The TMCrys server for supporting crystallization of transmembrane proteins

Varga, Julia K; Tusnády, Gábor E

doi:10.1093/bioinformatics/btz108

Abstract

Motivation

Due to their special properties, the structures of transmembrane proteins are extremely hard to determine. Several methods exist to predict the propensity of successful completion of the structure determination process. However, available predictors incorporate data of any kind of proteins, hence they can hardly differentiate between crystallizable and non-crystallizable membrane proteins.

Results

We implemented a web server to simplify running TMCrys prediction method that was developed specifically to separate crystallizable and non-crystallizable membrane proteins.

Availability and implementation

http://tmcrys.enzim.ttk.mta.hu

Supplementary information

Supplementary data are available at Bioinformatics online.

1 Introduction

Transmembrane proteins (TMP) play vital roles in the cells acting as gatekeepers and receptors in the cell and organelle membranes. They are frequently targeted by pharmaceuticals: a survey found that more than 50% of marketed drugs interact with TMPs (Hopkins and Groom, 2002). Although the human proteome consists of about 25% TMPs (Dobson et al., 2015), however, of all known protein structures only 2% belong to them (Kozma et al., 2013) and less than a hundred human TMP non-redundant structure is determined (Varga et al., 2017). Knowing the structure of TMPs may aid drug development by providing targets for ligand screening and enabling the creation of models for proteins with unknown structures. However, membrane proteins reside in the cell membrane making the process of structure determination extremely difficult.

In the last 10 years, several prediction methods were developed to enhance the success of structure determination by estimating the chance of successful experiments. Most of them uses the data from TargetTrack (Berman et al., 2009) or its predecessors PepcDB and TargetDB (Chen et al., 2004) and PDB structures (Kouranov et al., 2006). However, almost all of them mix globular and TM proteins leading to predict TMPs as ‘hard to crystallize’ (or somewhat equivalent) without the ability to distinguish between crystallizable and non-crystallizable TMPs. The only TMP-specific method is MEMEX (Martin-Galiano et al., 2007) but being created in 2008, the data used is outdated. We introduced the TMCrys (Varga and Tusnády, 2018) method to aid the process of structure determination of TMPs. Since the algorithm of TMCrys requires installing some libraries and software packages hereby we introduce the TMCrys server, providing a graphical user interface for the prediction via our HPC to facilitate the usage of the method.

2 Materials and methods

2.1 Introduction to TMCrys

Training and test datasets for TMCrys were created using PDBTM and TargetTrack databases as described in (Varga and Tusnády, 2018). Several physical and chemical features describing the sequences were calculated using the topology of the protein, predicted by CCTOP algorithm (Dobson et al., 2015) and other programs (Overton and Barton, 2006; Petersen et al., 2009; Walker, 2005; Xiao et al., 2015). Three XGBoost Decision Trees models were trained to predict the success of purification, solubilization and crystallization, respectively. Finally, a model aggregating the results of the three steps was computed to predict the success of the whole process. The models were evaluated using 10-fold cross-validation and tested on their respective hold-out datasets.

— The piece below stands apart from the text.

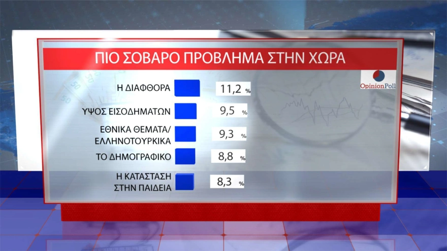 Εκτός από την ακρίβεια, πρόβλημα θεωρείται η οικονομία/ανάπτυξη σε ποσοστό 30%, η κατάσταση στο ΕΣΥ 14,1%, η απονομή Δικαιοσύνης και το Κράτος Δικαίου 12,8%, οι τιμές και το κόστος ενέργειας 11,6%, η διαφθορά 11,2%, το ύψος των εισοδημάτων 9,5%, τα εθνικά και τα ελληνοτουρκικά 9,3%, το δημογραφικό 8,8%, ενώ χαμηλά βρίσκονται ως προβλήματα η κατάσταση στην Παιδεία (8,3%), η στεγαστική κρίση (7,5%), το Μεταναστευτικό (7,3%), η εγκληματικότητα και τα φαινόμενα βίας (6,9% και η ανεργία (6,6%).

2.2 Reliability of the predictions

Reliability of the prediction was defined as the distance from the threshold of the calculated probabilities, normalized to one:

reliability = \frac{0.85 + (0.15 *abs (probability - threshold))}{threshold},

where threshold for the whole process was 0.85.

2.3 The TMCrys server

TMCrys server was developed using the Laravel web application framework (version 5.5.2) and designed with Bootstrap 3.2.7. Upon submitting a job, the sequences are forwarded to a high-performance computing (HPC) cluster. An Apache Axis server monitors the jobs on the cluster and provides the base of the communication between the HPC and the hosting server. The status of the job and the results are retrieved using SOAP requests. Several programs and scripts are run simultaneously to calculate features for the prediction to speed up the process. The results are sent back to the web server and displayed in HTML format and links are available for the download of the results in XML or tab separated format. Users may provide a job name for the identification of their job and optionally an email address as the results usually takes several minutes to obtain. An overview of the prediction process is provided in Supplementary Figure S1.

3 Results and discussion

3.1 Input

The server accepts input in several formats. Basically, one can submit sequences in FASTA format or space separated format. As the topology of the membrane protein is required for calculating the features, the user is permitted to submit topology of the protein calculated by themselves that should have the same length as the sequence and can contain the following labels: ‘I’ for inside, ‘M’ for membrane, ‘O’ for outside, ‘L’ for re-entrant loops and ‘S’ for signal peptide. Since the final prediction depends on the topology provided, the user submitted topology might influence the final results. To avoid server overload, maximum 10 sequences can be submitted as one job. The sequences can also be uploaded in a single file.

3.2 Output

Three typical HTML outputs can be seen on Supplementary Figure S2. The server generates HTML output for all query proteins in the following format. A query protein appears in an expendable panel. The color of the panel gives information about the protein being membrane or non-membrane, the latter indicated with a yellow panel and ‘non-TMP’ label (Supplementary Fig. S2C). When the protein was predicted to be membrane protein by CCTOP (or a topology was provided), a green or a red panel appears indicating whether the protein was predicted to be crystallizable (Supplementary Fig. S2A) or non-crystallizable (Supplementary Fig. S2B), respectively.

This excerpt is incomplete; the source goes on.